> _To do_: Output, word for word, the line that contains "中山陵坐北朝南,其中祭堂为仿" and all lines following it to the end of the listing. Drop the pictures.
-- Extracted entries follows --
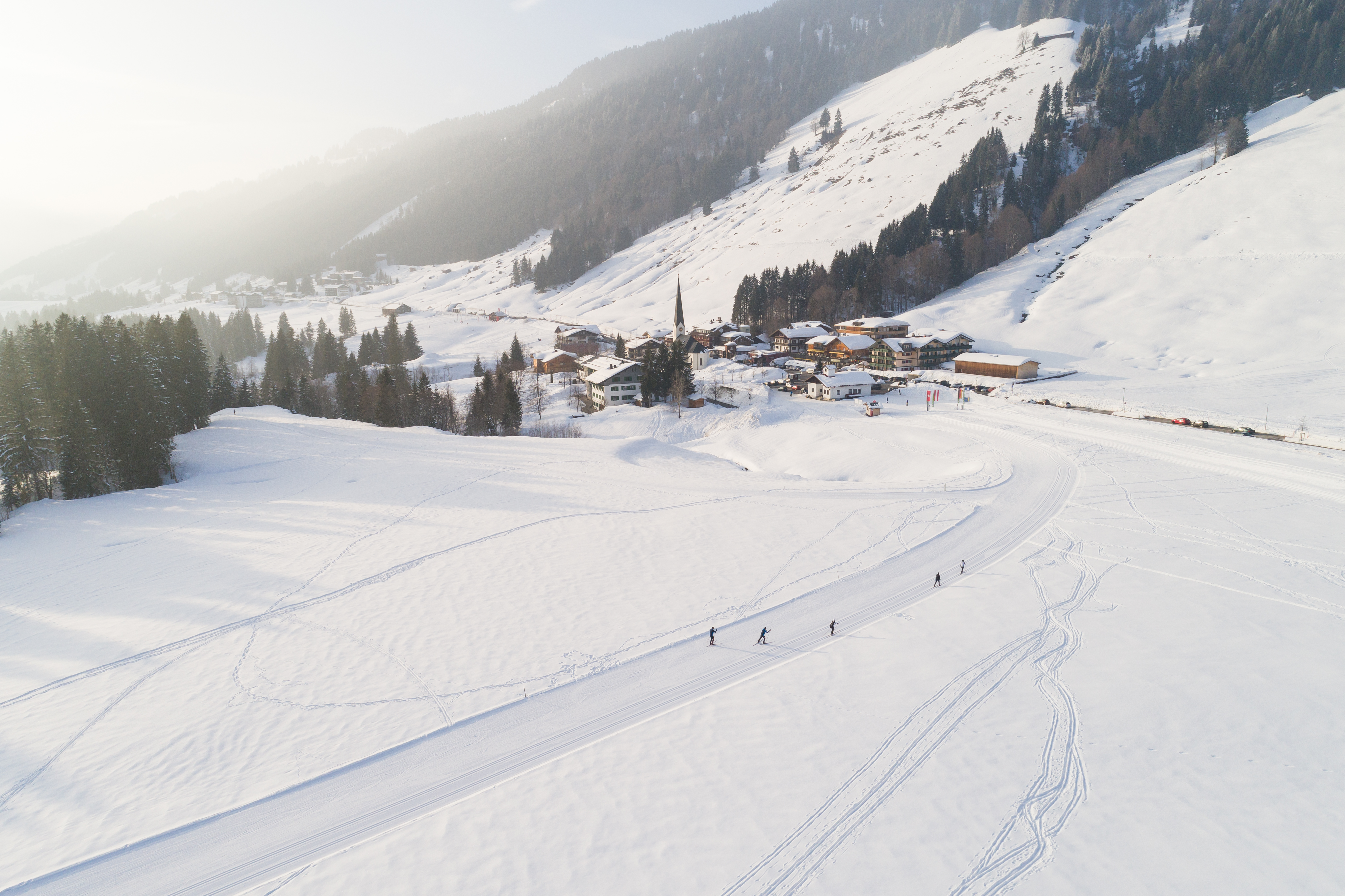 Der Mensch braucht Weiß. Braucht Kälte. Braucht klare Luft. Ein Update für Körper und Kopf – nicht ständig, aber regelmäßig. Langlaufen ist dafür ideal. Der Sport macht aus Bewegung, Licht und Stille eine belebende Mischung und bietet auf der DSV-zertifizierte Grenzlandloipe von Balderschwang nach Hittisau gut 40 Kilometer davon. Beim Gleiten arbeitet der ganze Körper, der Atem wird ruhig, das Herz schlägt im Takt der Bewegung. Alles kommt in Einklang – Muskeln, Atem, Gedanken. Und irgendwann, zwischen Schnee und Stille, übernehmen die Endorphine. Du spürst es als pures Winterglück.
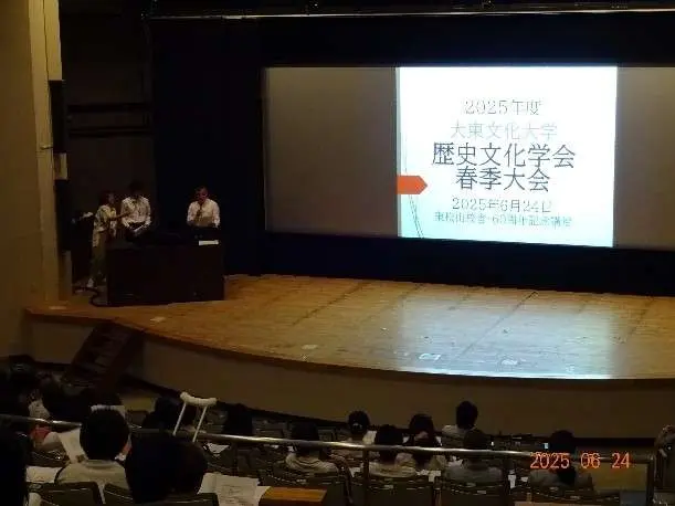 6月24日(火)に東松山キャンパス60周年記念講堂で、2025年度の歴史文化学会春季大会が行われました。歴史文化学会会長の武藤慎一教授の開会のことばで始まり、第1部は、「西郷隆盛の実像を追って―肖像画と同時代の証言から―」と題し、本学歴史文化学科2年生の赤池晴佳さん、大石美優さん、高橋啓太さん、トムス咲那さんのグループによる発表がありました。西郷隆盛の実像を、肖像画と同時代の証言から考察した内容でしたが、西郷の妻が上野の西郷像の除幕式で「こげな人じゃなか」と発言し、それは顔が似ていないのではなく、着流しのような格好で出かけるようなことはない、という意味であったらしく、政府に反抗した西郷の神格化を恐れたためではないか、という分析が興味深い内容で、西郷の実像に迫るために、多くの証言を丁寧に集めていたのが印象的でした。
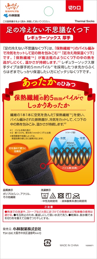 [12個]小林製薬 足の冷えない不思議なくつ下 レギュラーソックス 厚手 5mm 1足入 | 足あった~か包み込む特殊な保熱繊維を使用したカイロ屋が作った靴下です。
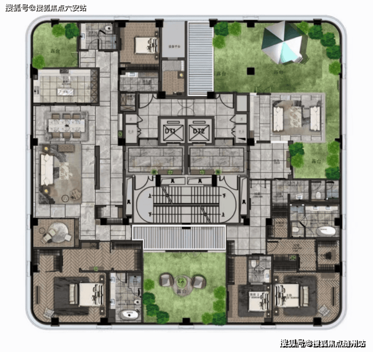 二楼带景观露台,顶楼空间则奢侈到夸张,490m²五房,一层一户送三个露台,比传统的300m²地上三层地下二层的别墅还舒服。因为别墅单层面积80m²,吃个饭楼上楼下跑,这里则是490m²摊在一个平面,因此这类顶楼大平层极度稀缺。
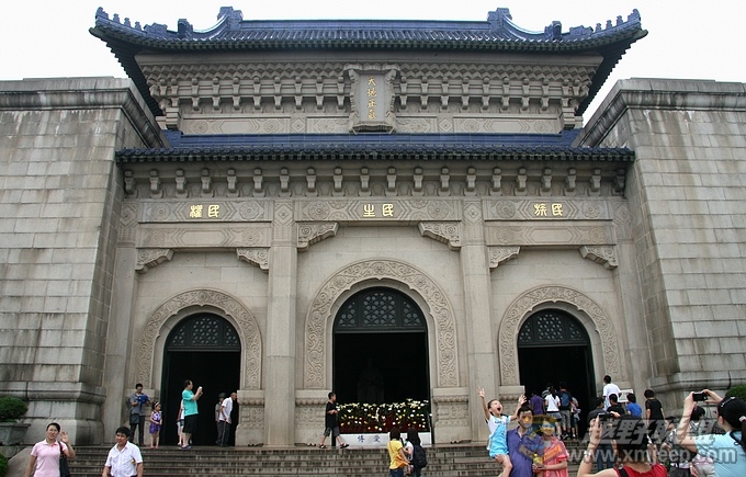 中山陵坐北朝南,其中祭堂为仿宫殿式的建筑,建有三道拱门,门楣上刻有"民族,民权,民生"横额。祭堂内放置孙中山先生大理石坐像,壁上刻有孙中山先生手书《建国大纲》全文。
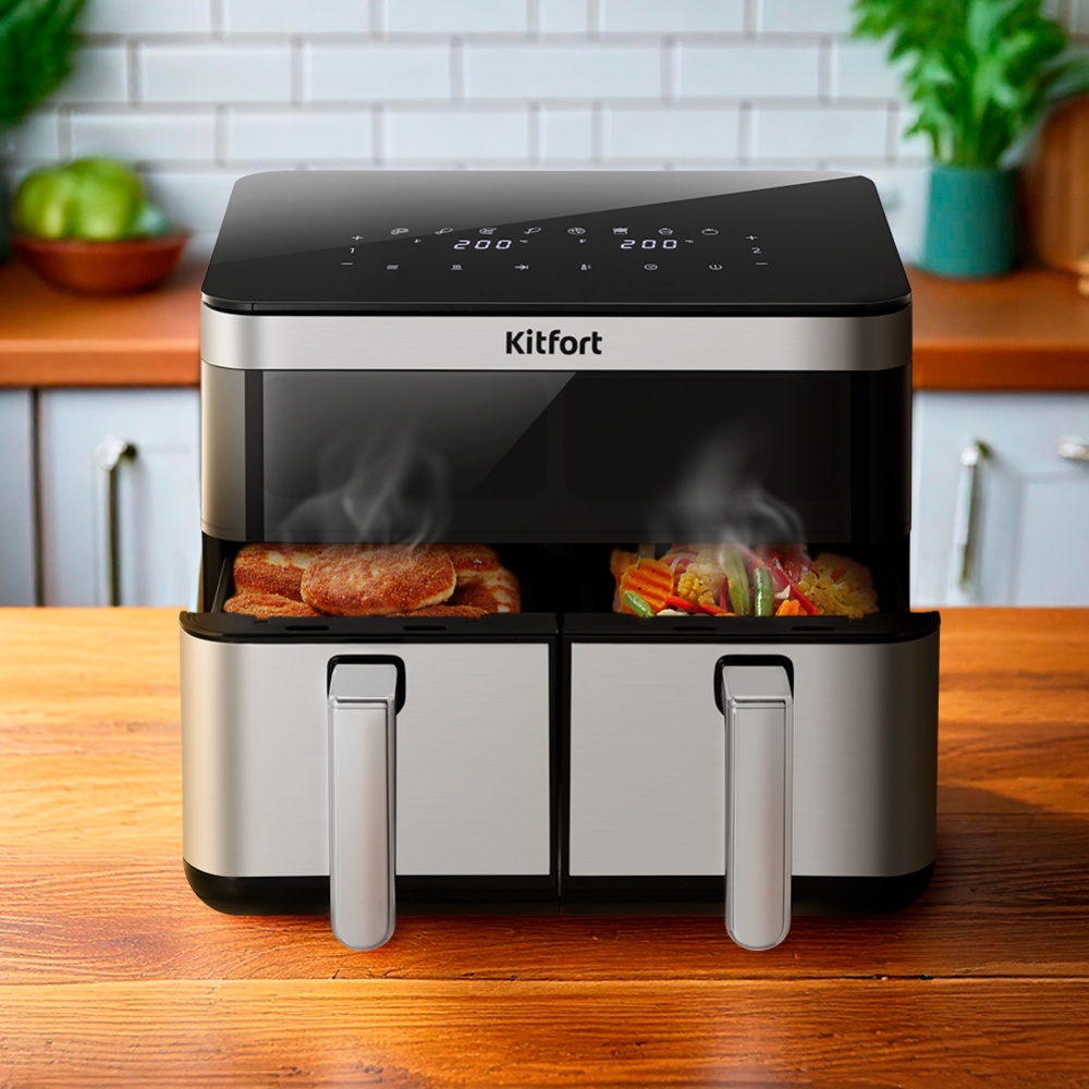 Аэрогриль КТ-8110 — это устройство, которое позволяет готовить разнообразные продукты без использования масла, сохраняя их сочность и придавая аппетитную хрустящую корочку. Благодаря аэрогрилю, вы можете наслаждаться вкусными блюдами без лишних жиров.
-- Extracted entries concluded --
> _Solution below_:
 中山陵坐北朝南,其中祭堂为仿宫殿式的建筑,建有三道拱门,门楣上刻有"民族,民权,民生"横额。祭堂内放置孙中山先生大理石坐像,壁上刻有孙中山先生手书《建国大纲》全文。
 Аэрогриль КТ-8110 — это устройство, которое позволяет готовить разнообразные продукты без использования масла, сохраняя их сочность и придавая аппетитную хрустящую корочку. Благодаря аэрогрилю, вы можете наслаждаться вкусными блюдами без лишних жиров.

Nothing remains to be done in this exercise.